My last time in the pulpit of Thomas Paine Unitarian Universalist Fellowship was on June 17th. That service and its sermon ended a run of well over 250 times over nine years that you have allowed me to present some ideas of how events in our world and thoughts from our human history can inform that “free and responsible search for truth and meaning” our UU principles call and allow each of us to affirm and promote.
Preaching is the most visible, most obvious, most public part of what your minister does. Much of the other work, often appropriately, is not generally known. Unless you or your family is among those who receive my efforts at pastoral care and counseling, you likely are not aware of what help is offered. If you are on a board, committee, or team, you know the meetings a minister takes part in; otherwise, maybe not.
Perhaps I have been with you at a march or vigil or demonstration or rally where our UU principles are raised up; less likely is that you know of letters, e-mails, phone calls, visits to officials’ offices where I, identified as your UU minister, promote the Belovèd Community this faith would have us try to bring to our world. It is my part of the prophetic outreach we all, as members of a faith community, are challenged to take on.
Our national UU organization and the UU Ministers’ Association are among the places a minister can, uniquely, represent the congregation and have influence on the direction the denomination takes. Not all of that work gets publicized. No doubt, I should have brought more of those ministerial undertakings and obligations to your attention beyond my monthly reports to the Board of Trustees. You do need to know that those less-visible ministerial tasks and duties will continue to be done; will continue to serve you and The Fellowship. I’ll be doing them through the end of August. Then my successor will become your fullservice (even if part-time) minister and take on all of the varied work that the position of your ministers entails and allows.

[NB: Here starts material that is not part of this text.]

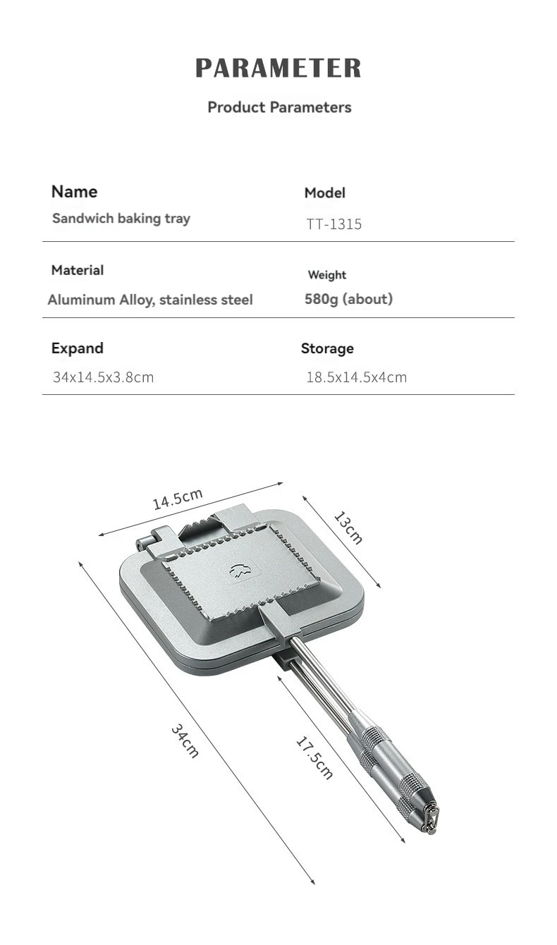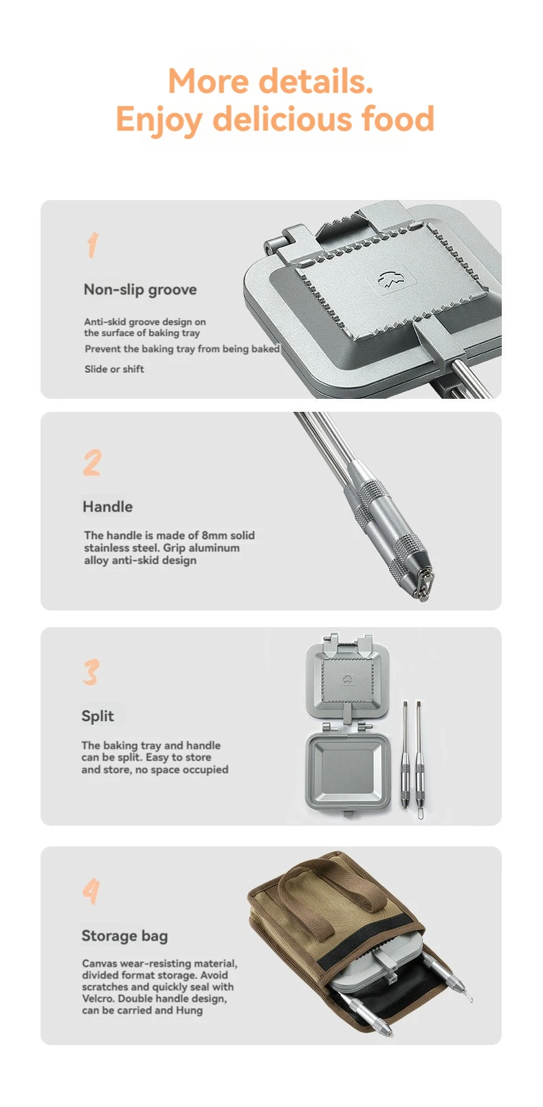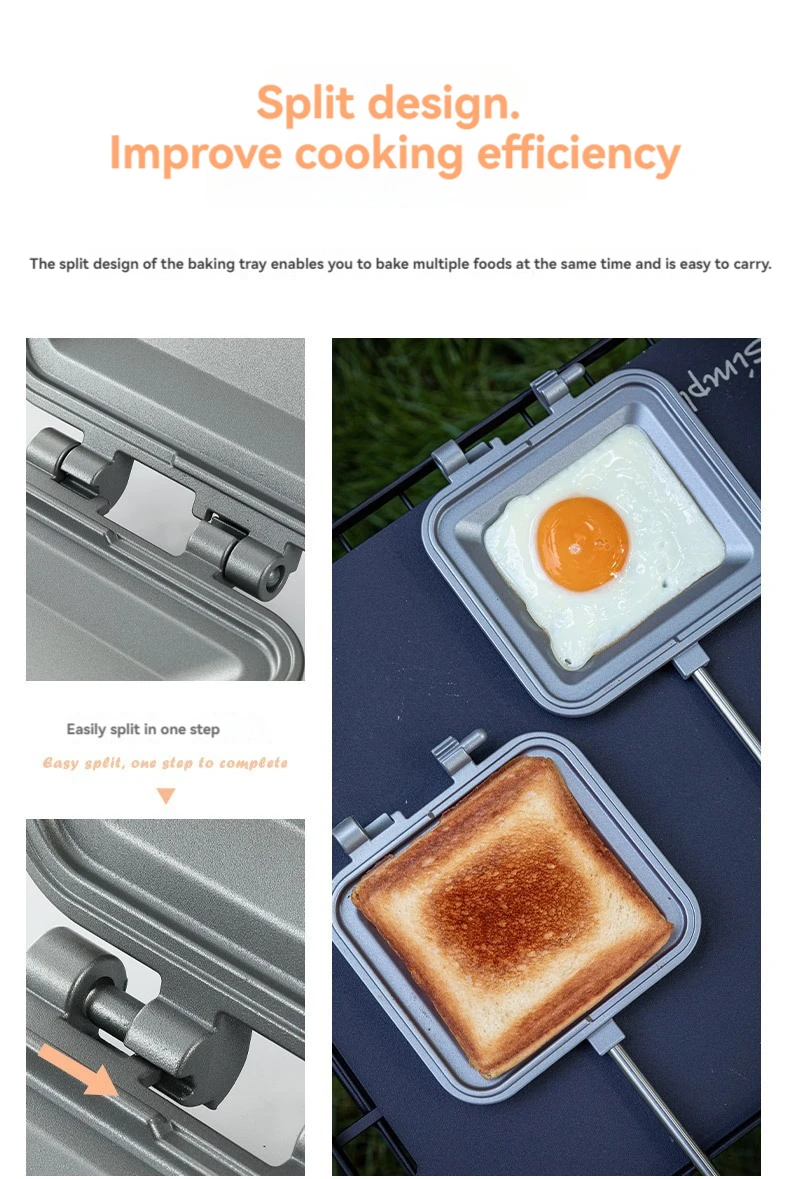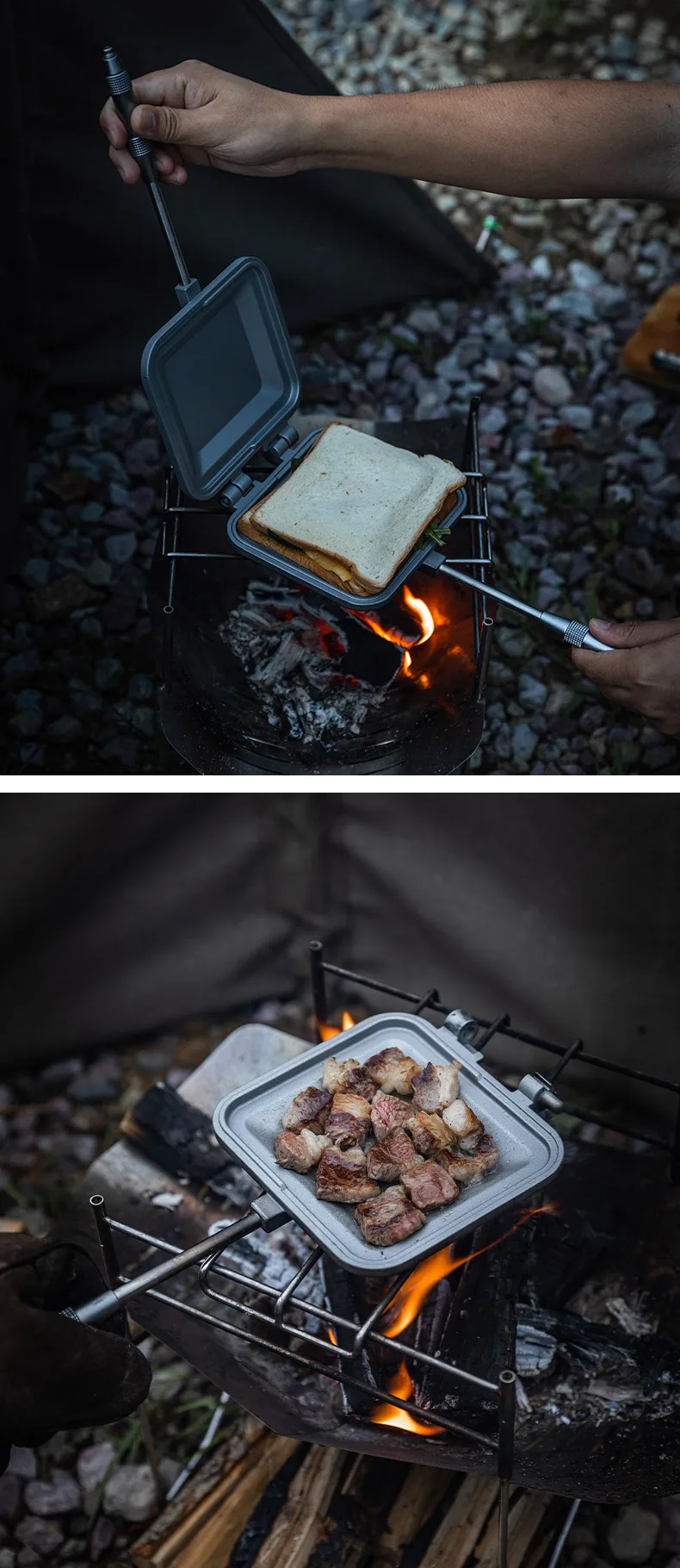 CAMPINGMOON Sandwich Baking Tray, Double-sided, Non Stick to Toast, Bread, Multi-purpose Camping Breakfast Baking Tray

Yes, allows. Your having ordained me lets me put a “Rev” in front of my name when I write or call or otherwise speak in the voice of liberal religion. It seems to make a difference. And that Rev, a clerical stole, and a “clergy collar” have gotten me access (including to parking places and restrooms) which I might not otherwise have been admitted to.
Ministry is demanding. It is rewarding and challenging. It is fun. And know I will miss it all, as I will miss you when I am finally gone from TPUUF.